Aalto Data Repository

Overview

We are creating a central online location for data sharing for all researchers within Aalto University. This will host both data and metadata: the name, description, ownership, source, and information on usage. Other dataset hosting sites exist, so our main target use case of expanding EUDAT scope is intra-Aalto University interaction. Researchers with data analysis skills will be able to find data related to their work, as well as the domain experts responsible for that data. Furthermore, the solutions should be tightly integrated to existing computing resources and Big Data platforms available nationally.

The scientific & technical challenge

In Aalto University, Big Data and Data Science have been recognized as key areas of ICT and digitalization at all levels of rapidly developing socio-economic societies. These systems generate ever-increasing amounts digital data, which can in unprecedented ways serve as a gold mine for researcher of various disciplines to study as well as enable the private sector players and public sector to develop their services, processes and technologies. Hence, there is need to respond and find solutions to this data deluge, which is also reflected in the Aalto University application for profiling of Finnish Universities.

For the solution, we have identified a set of design requirements that may pose also as a technical challenge as follows:

  1. The metadata of datasets is full text searchable.
  2. Published datasets are assigned a persistent identifiers.
  3. There are no restrictions to the type of uploaded data.
  4. The datasets in the system can be made public for all the world to see.
  5. The tool imposes no restrictions to the type of research data stored.
  6. The metadata templates offered by the system satisfy the needs of different fields of science and also national requirements.
  7. The system should be integrated to the already existing user management system.

In the first phase, the system will have some tens of users. If found successful, the solution will be scaled first within University and possibly even beyond to the national level. The possible user base may increase tenfold or even further in these cases. As Aalto users are working with large data sets, the data volumes can already in the pilot phase potentially extend to tens of terabytes.

Why EUDAT?

We engaged into discussion with Centre for Scientific computing (CSC) that coordinates EUDAT operations in Finland. Based on these discussions, we have assessed especially B2SHARE & B2DROP functionalities based on the requirements. The results look quite promising and from this analysis we can see that the B2SHARE service would probably be the most suitable tool for addressing both our publishing and data management requirements.

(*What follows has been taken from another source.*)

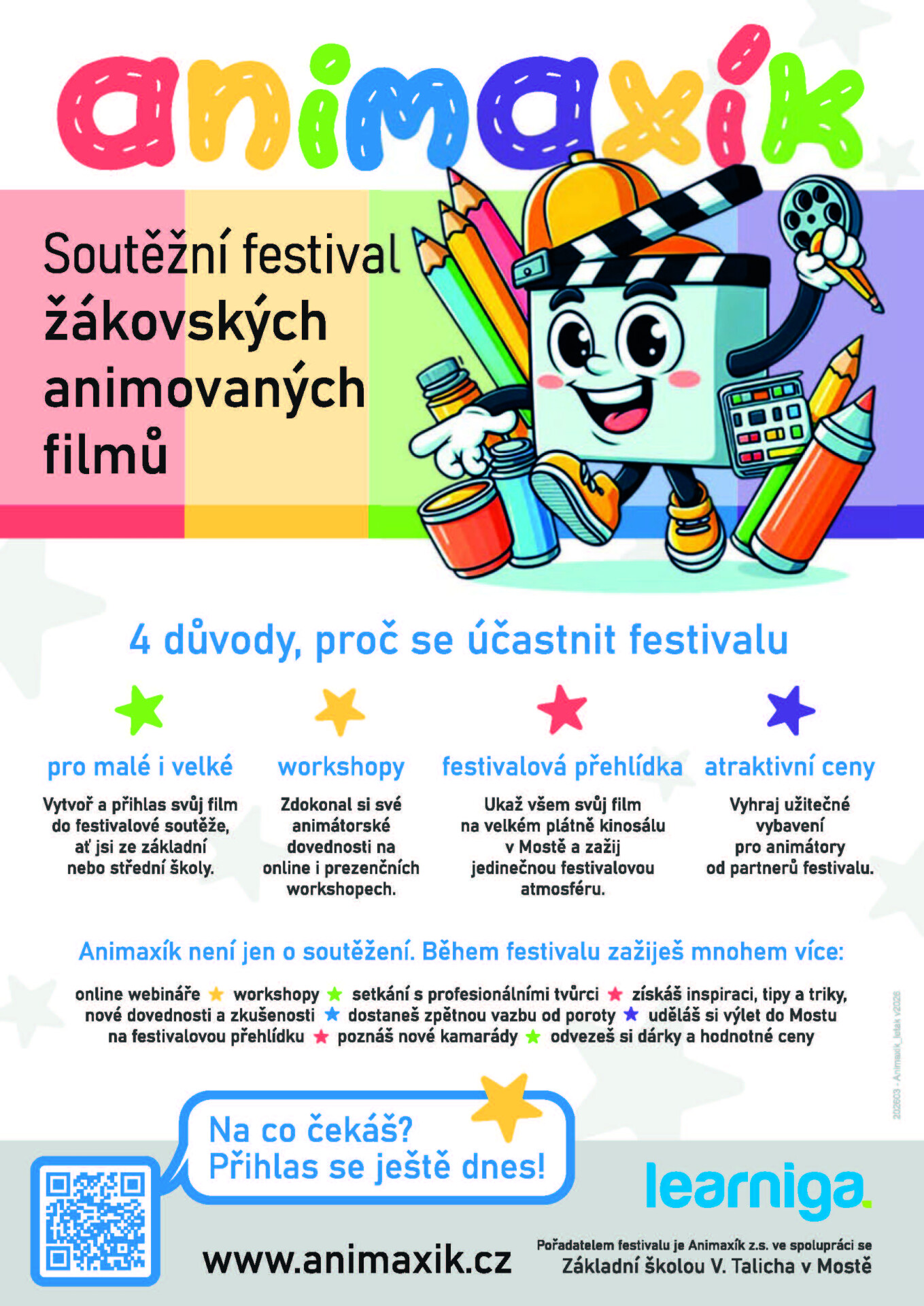 Animaxík 2026 je otevřený pro všechny mladé animátory, kteří chtějí ukázat svůj talent a kreativitu. Nejenže uvidí svá díla na velkém plátně, ale také získají jedinečnou šanci okouknout nejlepší tipy a triky od profesionálů. Navíc můžou vyhrát zajímavé ceny v podobě vybavení pro animátory od sponzorů festivalu.

As a part of the pilot, a suitable metadata templates can be provided in B2SHARE and customized for Aalto University. Further, as federated authentication via B2ACCESS is supported in B2SHARE, it is should be possible to authenticate to the national identity service within EUDAT services. In addition to that, interfacing to national metadata and storage solutions is of interest to us in the EUDAT pilot.

The expected outcomes for Aalto University

The resulting data platform enables system and method-level development, resulting in research innovations but it also opens up possibilities for educational and training purposes on Data Science and Big Data. In the initial phase, there is a need to concentrate on data policy and repository practices for contributing to increased research effectiveness and generating wider goals of data sharing and open data in alignment with CSC’s planned Big Data platform, but also to start widening and enhancing the skill base for data related research. We see that EUDAT solutions can play a major role in supporting the implementation of the ambitious research data management goals set by Aalto University.

The legacy for Aalto University’s scientific domain

This approach can enhance the system and process level understanding of any area of research, basic and applied, from science to engineering and humanities. It will strengthen multi and cross disciplinary research and step up product development, as well as facilitate novel innovations and services. At the same time, it lowers disciplinary boundaries both in the public and private sectors, thus adding to innovativeness and new breakthroughs in R&D, and covering all areas of society and science from discovery and security to general competitiveness. The data repository will be initially used mainly for research purposes, but yet at the same time, it will serve as a pilot and education platform for methodological development, training, and data repository technology.